Rob Macnab: A Story of Old Pictou
Baird, Frank. Rob Macnab: A Story of Old Pictou. Halifax, Royal Print and Litho Ltd., 1923. 250 p. Illus.
- Signed by the author “Rev. Frank Baird, Pictou, N.S.”
- Frontispiece - “Rob folded the will and handed it to the lawyer”
- Op. p. 1 – “Illustrations” listed
- Op. p. 12 - “Jennet raised the glass and peered through it.”
- Op. p. 35 - “He raised his hand and said, ‘Brethren, it is the Sabbath.”
- Op. p. 99 - “Rob brought his paddle down on the soldier’s head.”

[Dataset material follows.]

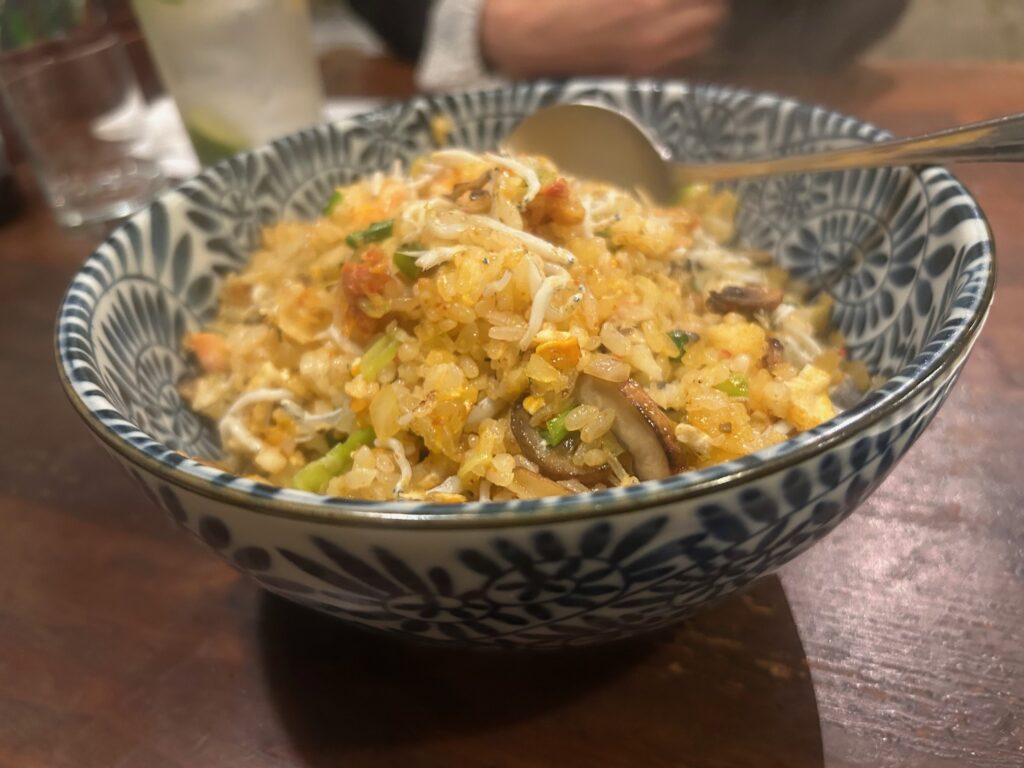 メニューにはない「賄いピラフ」はシラスや蟹の身など全部で35種類の具材が入っているらしい。ドリアやパスタ、リゾットもあるけど店主の一押しらしい。味も個性的でおすすめの逸品。

- Op. p. 160 - “After the singing
came the prayer.” - Op. p. 205 - “The rage of battle shone on his face.”
Review by Goodreads.com:
Named after the ship that brought nearly 200 Highland Scots to the wilderness of Pictou and West River, Nova Scotia, in 1773, "Hector" Davie narrates this tale of witchery, muscular Christianity, press gangs, and Culloden-haunted memory in an historical novel in the tradition of Sir Walter Scott. The setting is Pictou County, Nova Scotia. The story revolves around Rob Macnab -- a young man of mysterious background whose future begins to be resolved as the Gaelic-speaking Scots of Pictou literally "fight" an election against the "wily Halifax men" surrounding the all-powerful governor and bishop of the colony.